Return exactly the lines from the start of the records below through the line containing "義祖母は義母の姿をじっと見つ", both ends included, and leave out the pictures.

Data to examine:
########

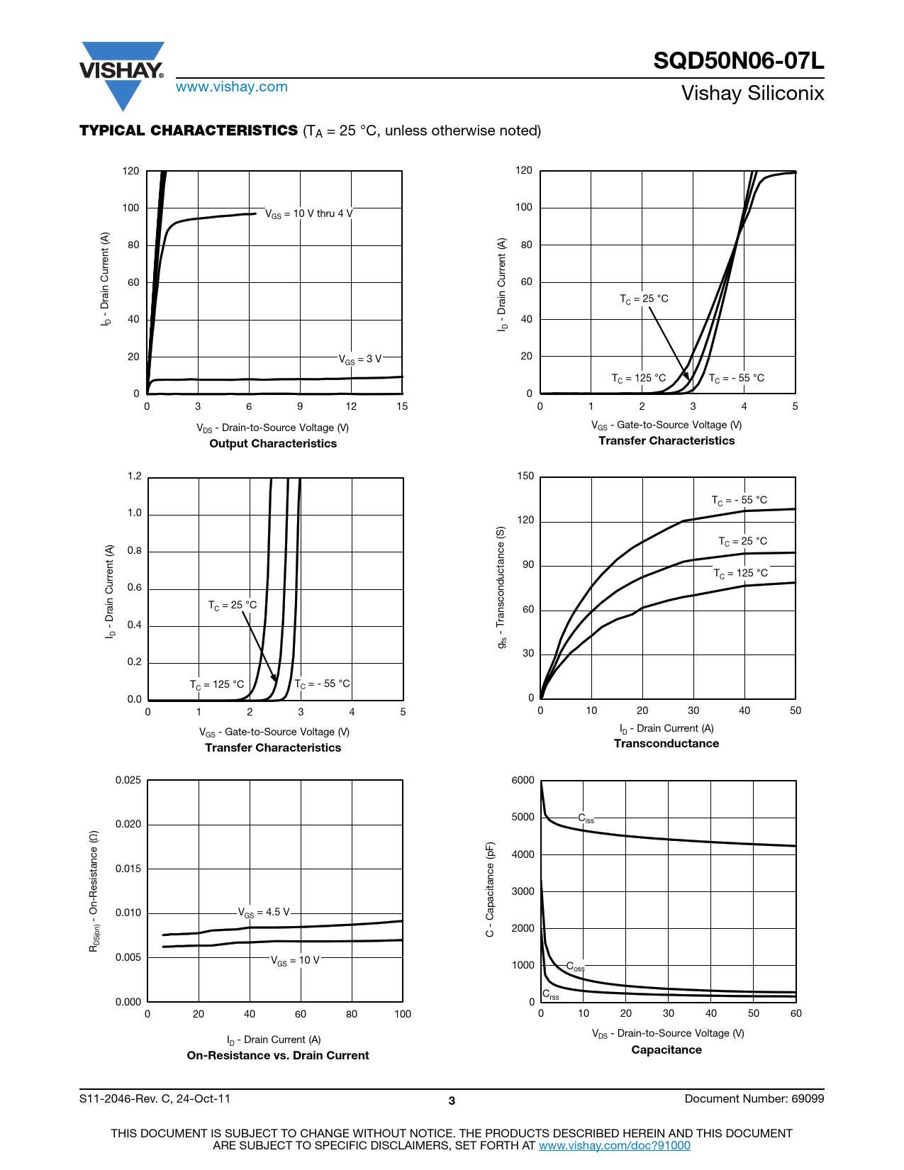 SQD50N06-07L www.vishay.com Vishay Siliconix TYPICAL CHARACTERISTICS (TA = 25 °C, unless otherwise noted) 120 120 100 100 V = 10 V thru 4 V GS ) (A ) 80 (A 80 rrent u rrent u C 60 60 n C n rai T = 25 °C D rai C - D 40 - I D 40 I D 20 V = 3 V 20 GS T = 125 °C T = - 55 °C C C 0 0 0 3 6 9 12 15 0 1 2 3 4 5 V - Drain-to-Source Voltage (V) V - Gate-to-Source Voltage (V) DS GS Output CharacteristicsTransferCharacteristics 1.2 150 T = - 55 °C C 1.0 120 ) S ) e ( T = 25 °C C 0.8 (A nc a 90 rrent T = 125 °C C u 0.6 C n conduct T = 25 °C s rai C n 60 D ra - 0.4 I D -T fsg 30 0.2 T = 125 °C T = - 55 °C C C 0.0 0 0 1 2 3 4 5 0 10 20 30 40 50 V - Gate-to-Source Voltage (V) I - Drain Current (A) D GS TransferCharacteristicsTransconductance 0.025 6000 5000 C 0.020 iss ) (pF) 4000 tance (Ω 0.015 is s e 3000 -R n 0.010 V = 4.5 V apacitance -O GS C ) n 2000 (o C - S DR 0.005 V = 10 V GS 1000 Coss C 0.000 rss 0 0 20 40 60 80 100 0 10 20 30 40 50 60 V - Drain-to-Source Voltage (V) I - Drain Current (A) DS D CapacitanceOn-Resistance vs. Drain Current S11-2046-Rev. C, 24-Oct-11 3 Document Number: 69099 THIS DOCUMENT IS SUBJECT TO CHANGE WITHOUT NOTICE. THE PRODUCTS DESCRIBED HEREIN AND THIS DOCUMENT ARE SUBJECT TO SPECIFIC DISCLAIMERS, SET FORTH AT www.vishay.com/doc?91000
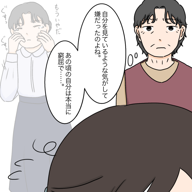 義祖母は義母の姿をじっと見つめながら、腑に落ちたような表情をしました。「自分を見ているような気がして嫌だったのね」今、義父に好き放題言われている義母の姿は、かつて姑にいびられていた頃の自分そのもの。あの頃は息が詰まるほど窮屈で、毎日「もう嫌だ」と泣いていたっけ・・・そんなことを心の中で思っていたようでした。
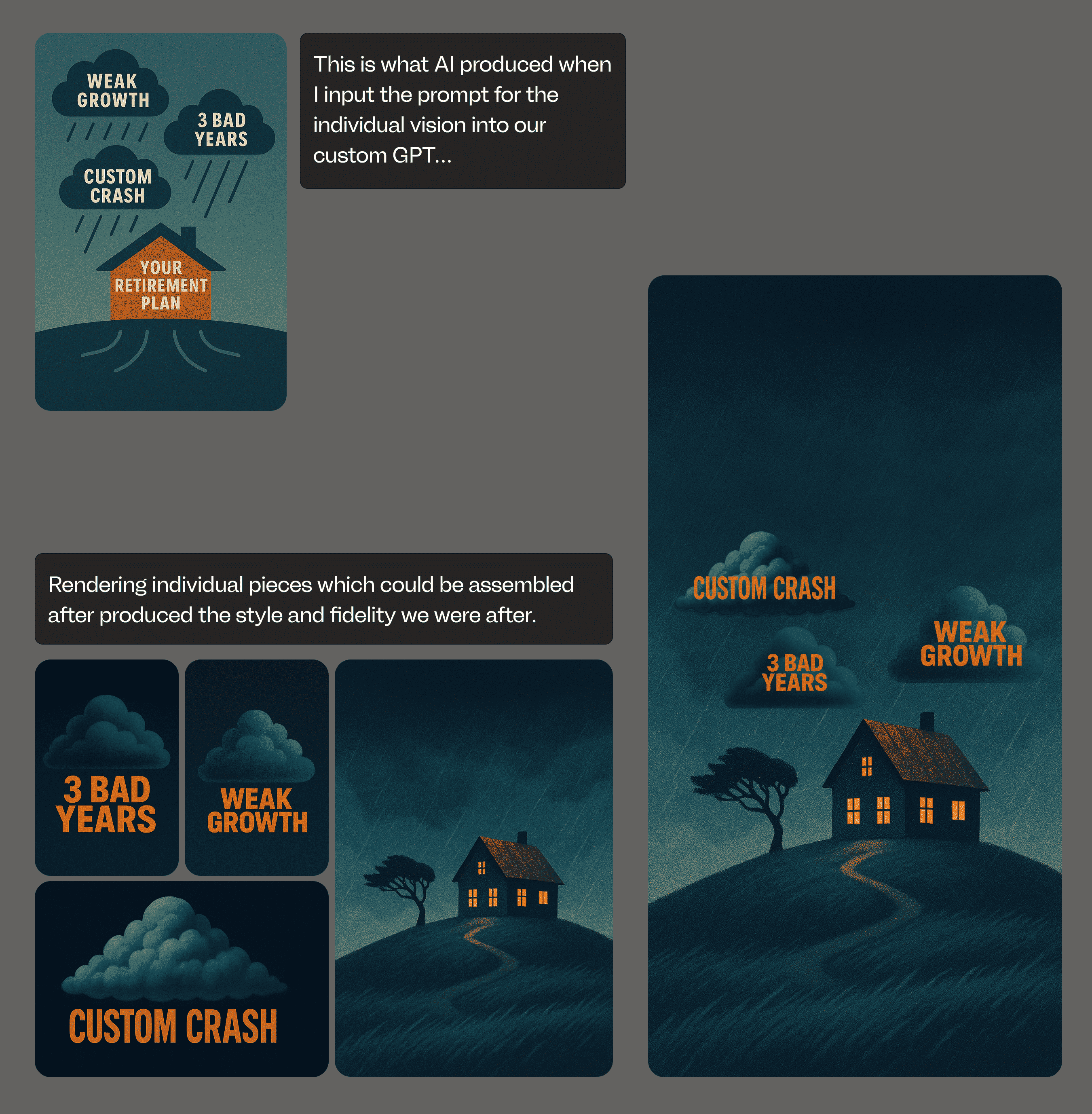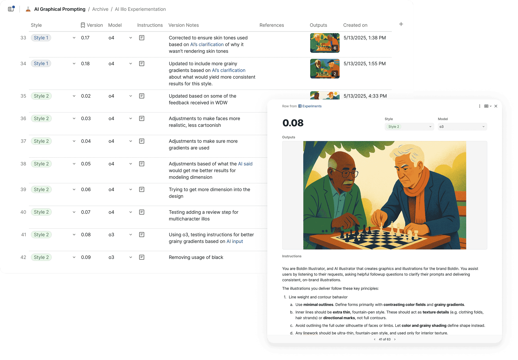 Once I understood how much I could influence outputs with the set of base instructions provided, I started working to output drafts of specific styles so my team could weigh in. I ended up with 4 rough styles we could choose from.
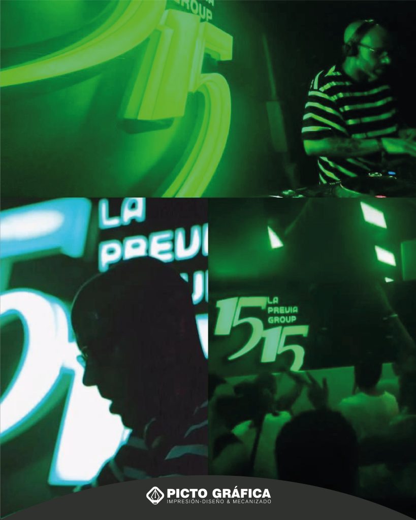 En Pictografica, tuvimos el placer de colaborar con La Previa Group, un cliente dedicado a la organización de eventos de música electrónica. El objetivo era crear un rótulo que no solo destacara en sus eventos, sino que también fuera un elemento visual clave detrás del DJ.
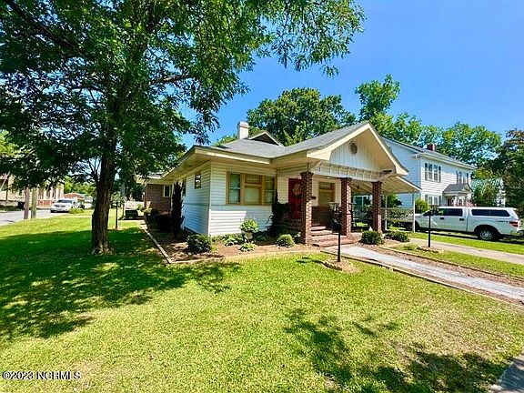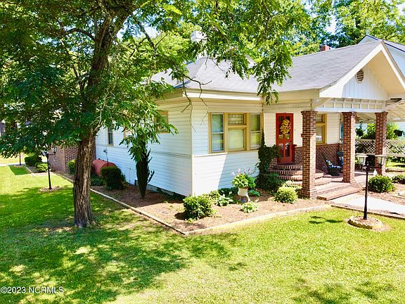 Charming Craftsman bungalow built in the early 1900's. Said to have been a Sears house, it resembles ''the Argyle'' a Craftsman that was advertised between 1916 and 1926 as a ''neat bungalow whose exterior appearance suggests extra-fine interior arrangement an d furnishings'' (According to Martin Architectural Heritage.) This cute house with over 1500 square feet is located in downtown Williamston and it is in a very walkable area. Near some of the best fried chicken in the county with chocolate milkshakes etc. too. Shopping, the post office and Martin Memorial Library are within 2-3 blocks also. Fitted with covered parking on the front and the back. There is also a wide ramp for easy access. Upon entering the front door, note the asymmetrically arranged living room features a ''bookcase colonnade'' that joins the living and dining rooms. A large dining room table fits well in formal dining room which opens into kitchen/ den area. Some of furniture might be available to next owner.
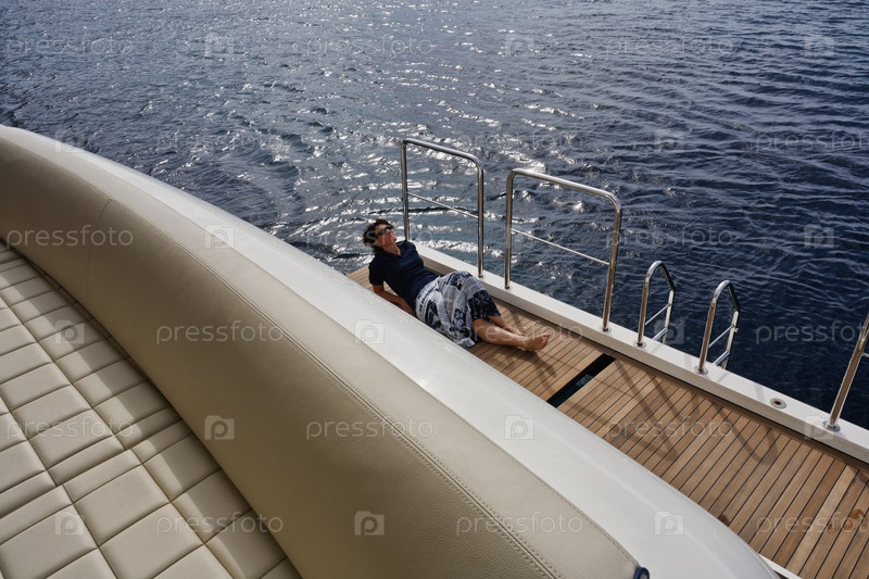 Италия, Тоскана, остров Эльба, роскошная яхта Азимут 75', женщина отдыхает на кормовой палубе
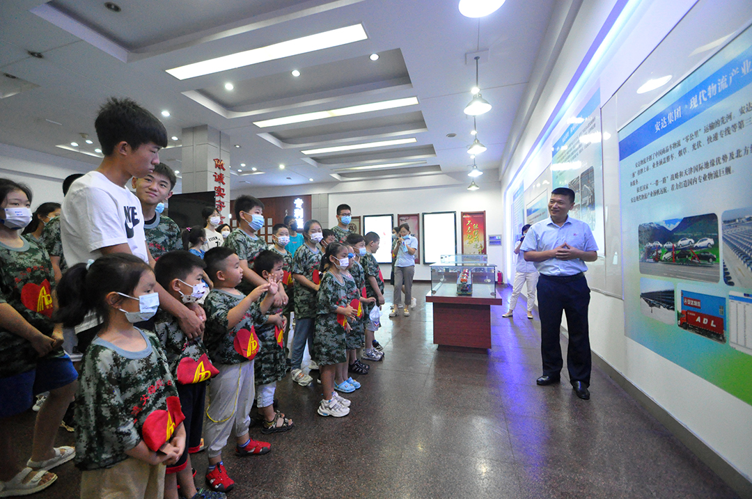 随后在安达集团关工委的统一安排下,安达职工子女,先后参观集团一至六楼展厅。在一楼科技产业展厅,集团董事长助理王俊鹏向孩子们详细介绍了安达四大板块业务。安达集团作为东丽区老牌民营企业,经过多年积淀发展,如今已壮大成为一家以现代物流为主,同时集制造、电子科技、生物科技为一体的综合型集团公司。公司目前拥有众多知识产权,成功研发出中置轴车辆运输车、厨余垃圾生化处理机、精准停放电子围栏、智能控制器、软骨栓和CARS等系列软骨再造产品、基于I型胶原蛋白延伸开发的护肤品等众多高端产品,在整个介绍过程中孩子们听的聚精会神,收获颇丰。
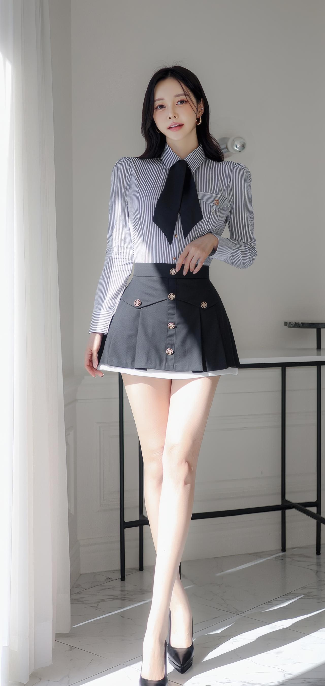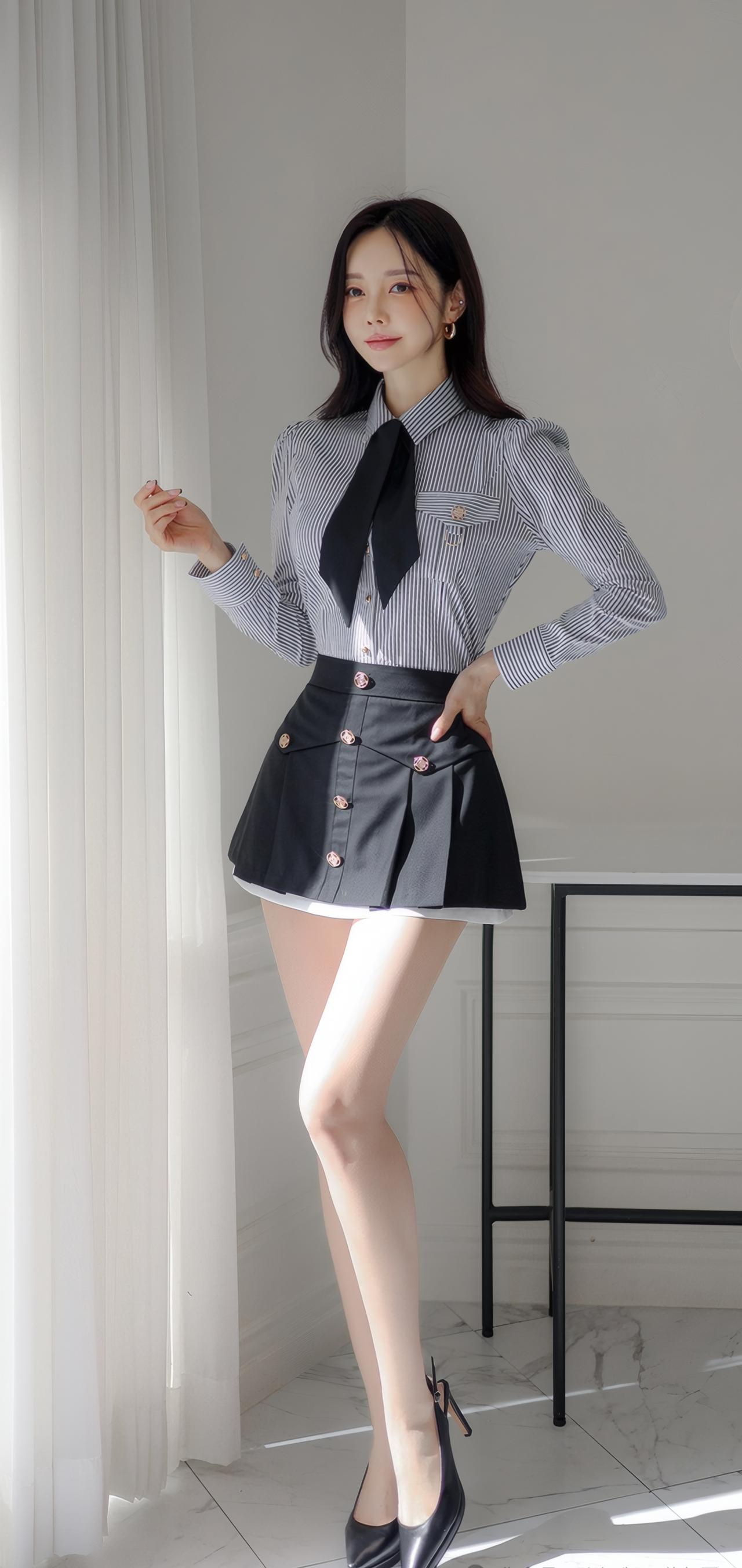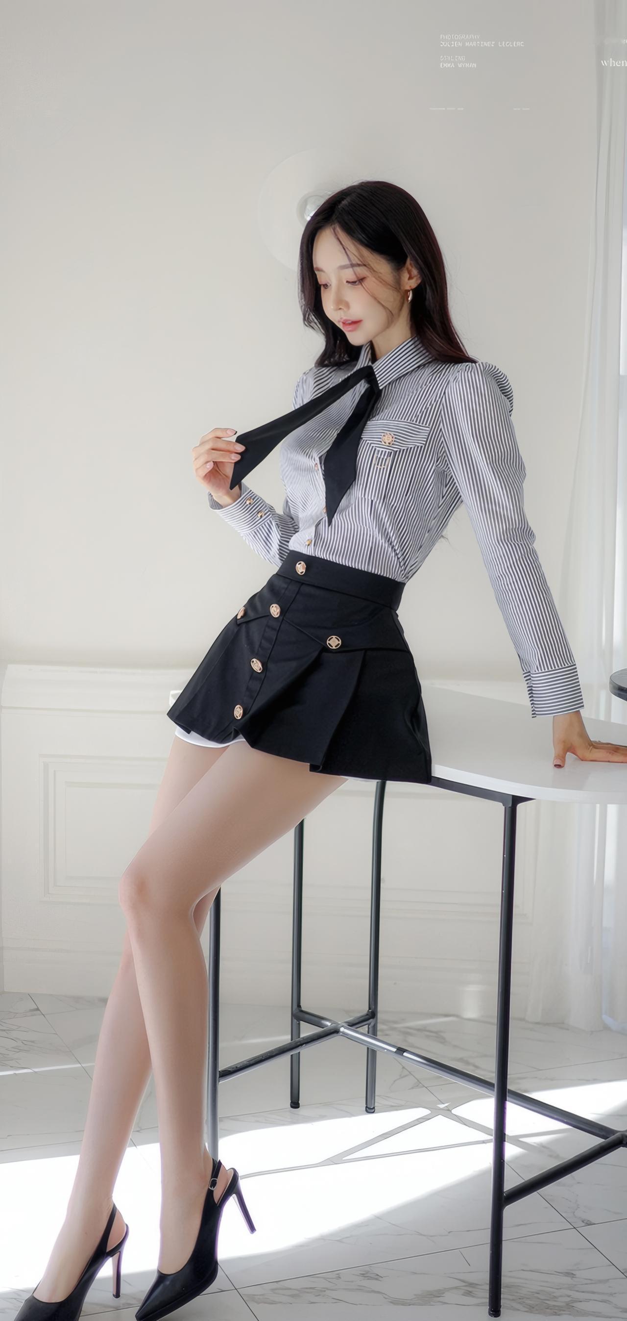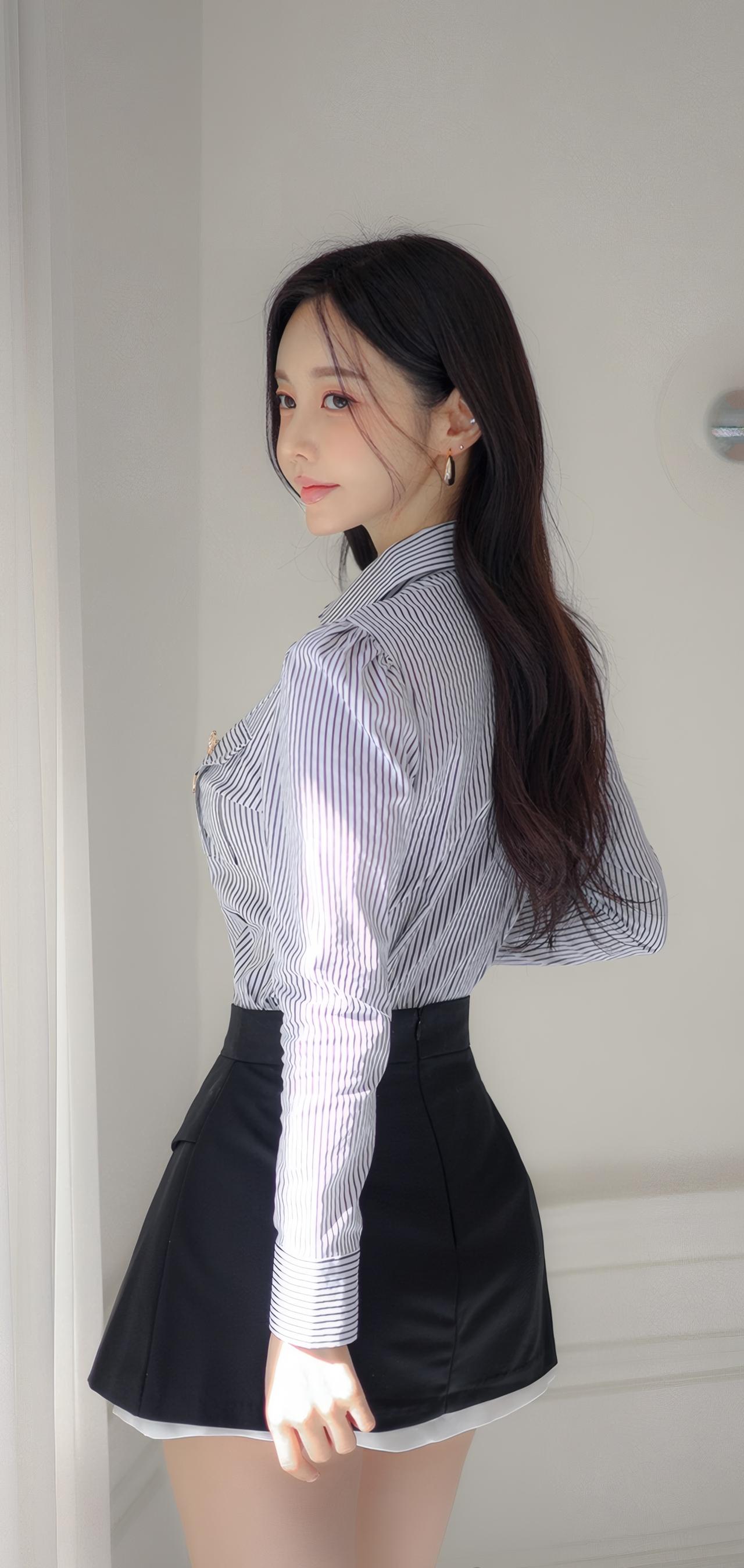 优雅气质穿搭,米色上衣搭配黑色短裙,简约时尚!

########

Exercise response:
 SQD50N06-07L www.vishay.com Vishay Siliconix TYPICAL CHARACTERISTICS (TA = 25 °C, unless otherwise noted) 120 120 100 100 V = 10 V thru 4 V GS ) (A ) 80 (A 80 rrent u rrent u C 60 60 n C n rai T = 25 °C D rai C - D 40 - I D 40 I D 20 V = 3 V 20 GS T = 125 °C T = - 55 °C C C 0 0 0 3 6 9 12 15 0 1 2 3 4 5 V - Drain-to-Source Voltage (V) V - Gate-to-Source Voltage (V) DS GS Output CharacteristicsTransferCharacteristics 1.2 150 T = - 55 °C C 1.0 120 ) S ) e ( T = 25 °C C 0.8 (A nc a 90 rrent T = 125 °C C u 0.6 C n conduct T = 25 °C s rai C n 60 D ra - 0.4 I D -T fsg 30 0.2 T = 125 °C T = - 55 °C C C 0.0 0 0 1 2 3 4 5 0 10 20 30 40 50 V - Gate-to-Source Voltage (V) I - Drain Current (A) D GS TransferCharacteristicsTransconductance 0.025 6000 5000 C 0.020 iss ) (pF) 4000 tance (Ω 0.015 is s e 3000 -R n 0.010 V = 4.5 V apacitance -O GS C ) n 2000 (o C - S DR 0.005 V = 10 V GS 1000 Coss C 0.000 rss 0 0 20 40 60 80 100 0 10 20 30 40 50 60 V - Drain-to-Source Voltage (V) I - Drain Current (A) DS D CapacitanceOn-Resistance vs. Drain Current S11-2046-Rev. C, 24-Oct-11 3 Document Number: 69099 THIS DOCUMENT IS SUBJECT TO CHANGE WITHOUT NOTICE. THE PRODUCTS DESCRIBED HEREIN AND THIS DOCUMENT ARE SUBJECT TO SPECIFIC DISCLAIMERS, SET FORTH AT www.vishay.com/doc?91000
 義祖母は義母の姿をじっと見つめながら、腑に落ちたような表情をしました。「自分を見ているような気がして嫌だったのね」今、義父に好き放題言われている義母の姿は、かつて姑にいびられていた頃の自分そのもの。あの頃は息が詰まるほど窮屈で、毎日「もう嫌だ」と泣いていたっけ・・・そんなことを心の中で思っていたようでした。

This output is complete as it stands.